RHETORICAL QUESTIONS:
-         If she had detected the substitution, what would she have thought, what would she have said? Would she not have taken Madame Loisel for a thief?
-         What would have happened if she had not lost that necklace? Who knows? Who knows? How strange and changeful is life! How small a thing is needed to make or ruin us!
-         Madame Loisel felt moved. Should she speak to her?
The rhetorical questions used in the story help to understand the character’s inner state, her feelings.
ASYNDETON:
- She had no dowry, no expectations, no way of being known, understood, loved, married by any rich and distinguished man; she let herself be married to a little clerk of the Ministry of Public Instruction.
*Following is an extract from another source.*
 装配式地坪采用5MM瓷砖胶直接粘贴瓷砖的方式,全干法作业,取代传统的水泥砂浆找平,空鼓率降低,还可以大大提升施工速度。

- She dressed plainly because she could not dress well, but she was unhappy as if she had really fallen from a higher station; since with women there is neither caste nor rank, for beauty, grace and charm take the place of family and birth.
- Everyone wants to go; it is very select, and they are not giving many invitations to clerks.
- "It was not I, madame, who sold that necklace; I must simply have furnished the case."
- "You should have returned it sooner; I might have needed it."
- Look further; I don't know what you like."
The usage of such stylistic device make  the story sound energetic, dynamic and tense.
ELLIPSIS:
-   "Nothing. Only I have no gown, and, therefore, I can't go to this ball. Give your card to some colleague whose wife is better equipped than I am."
- "True! I never thought of it."
-  “…"What! . . . Impossible!"”
-   “…"No. You didn't notice it, did you?". "No."…”
- "Haven't you any more?"
"Why, yes. Look further; I don't know what you like."
- "Why, yes, certainly."
- "Yes, probably. Did you take his number?"
- “Yes, I have had a pretty hard life, since I last saw you, and great poverty – and that because of you!”
“Of me! How so?”
- "Do you remember that diamond necklace you lent me to wear at the ministerial ball?"
"Yes. Well?"
- "Oh, my poor Mathilde!
Elliptical sentences are used in this short story to present the emotional tension of the speech.
          Summing up the analysis of the chosen short story I should admit that the writer Guy de Maupassant brilliantly  uses ALL the mentioned above stylistic devices, especially syntactic ones,  which help to reveal the main characters’ nature, their feelings and emotions; to create true to life atmosphere of the events depicted. The stylistic devices used make the reader more interested in the life of the main characters, they make us either sympathize to the Loisels  or blame them for being too naïve.